Because question 8 refers to the same thing, to answer this question and clarify the subject I used the same text from the discussions, lines 632-658: „The relationship between anxiety and aggressiveness seems to be influenced by the levels of anxiety and may be mediated by various neuronal and hormonal mechanisms [96–98]. In our view, the sucrose group enters a state of enhanced arousal linked with increased anxiety caused by sucrose exposure. Long term sucrose consumption in animals is reported to produce neuronal alterations of amygdala [99] or accumbens nucleus [100] which are mesolimbic regions modulating fear responses. Other reports on the effects of chronic consumption of sucrose in rodents show altered steroid levels and dopamine signalling in the brain, particularly in the mesocorticolimbic system and hypothalamus [101]. Arguablly, hyperglycemia may lead to disruptions in these brain circuitries, which were previously suggested to be associated with impulsivity and violence in humans [102]. Remarkably, a very recent study showed that hyperglycaemic rats engage in hyper-sociable and hyper-aggressive encounters more often than controls. The key mechanisms underlying this abnormal behaviour would include hyperglycemia-induced neuronal oxidative stress damage in brain areas, such as midbrain, striatum, frontal cortex, and hippocampus [103]. In the case of the insecticide-sucrose group, it is likely that high levels of anxiety - the result of the combined exposure to insecticide and sucrose - caused a disruption along the stress-regulation pathways or other systems that support aggression. In our study, the neurotoxic insecticide, which alters GABAergic and glutamatergic neurotransmitter systems, caused reduced exploration and frequent sudden returns to the safe areas in the light-dark test.
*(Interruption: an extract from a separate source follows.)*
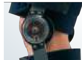
new, patented “QuickSet” hinge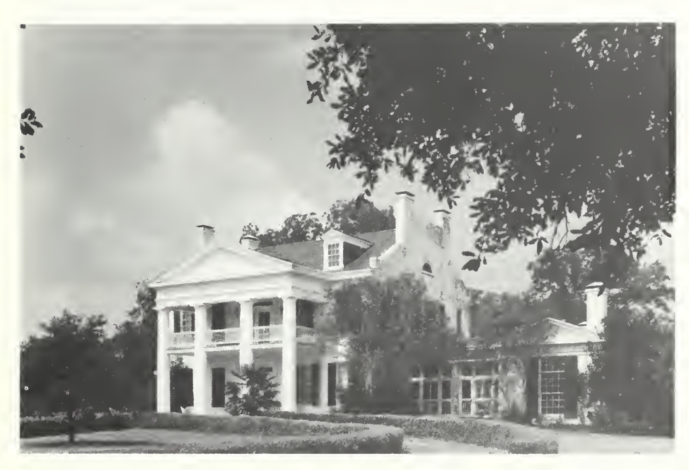
Richland Plantation, East Feliciana Parish, Louisiana. Properties can qualify under Criterion C as examples of high style architecture. Built in the 1830s, Richland is a fine example of a Federal style residence with a Greek Revival style portico.

Properties may be eligible for the National Register if they embody the distinctive characteristics of a type, period, or method of construction, or that represent the work of a master, or that possess high artistic values, or that represent a significant and distinguishable entity whose components may lack individual distinction.

Physiologically, anxiety is related to activating the stress responses and circuits, the HPA [104], that could induce withdrawal and escape responses. Several papers indicate hyperglycaemia as eliciting anxiety-like behaviors and robust stress in zebrafish [105]. Significant increases in levels of cortisol are showed to be correlated with higher visceral fat deposits, insulin resistance and also increased sugar consumption [106]. Correlations between persistent anxiety and reduced aggression are reported in the context of elevated stress hormone levels that inhibit aggression-related circuits in the hypothalamus and amygdala [107].”

9. Regarding the observed difference in freezing behavior (immobility) in the pesticide group, what neurobiological mechanisms could explain this difference? Furthermore, how could the absence of freezing behavior in the sucrose + insecticide group provide insights into the moderating effects of sucrose?

The reviewer’s question regards these lines: We observed also the installation of significant freezing durations in the Insecticide group (p = 0.033 vs control) in which approximately 1/3 of the total number of the tested individuals exhibited prolonged immobility during the six-minutes test. Given that no individual in the sucrose + Insecticide group entered states of total immobility, a question arises whether sucrose in low concentrations has a beneficial effect in counteracting Insecticide-induced anxiogeny.

We insert these in the discussion text at lines 677-680, and 686-692: “Fipronil impairing GABA's role as an inhibitory neurotransmitter can lead to hyperactivation of the HPA axis and elevated cortisol levels [111], which in turn can impact on amygdala and hippocampal function [112,113] with subsequent exacerbates anxiety responses, including freezing….[116]. The lack of freezing in the insecticide-sucrose group can be linked with a protective effect of sucrose along the stress-induced anxiogenesis pathway. Previously, sucrose has been showed to attenuate HPA axis responses to stress in humans and animals [86,117], possibly by activating serotonergic signaling in several reward-regulatory brain sites which can counteract the effects of stress [87]. Clearly, the interplay between sucrose and fipronil, or other insecticides, suggests more complex aspects to be elucidated by further in-depth studies.”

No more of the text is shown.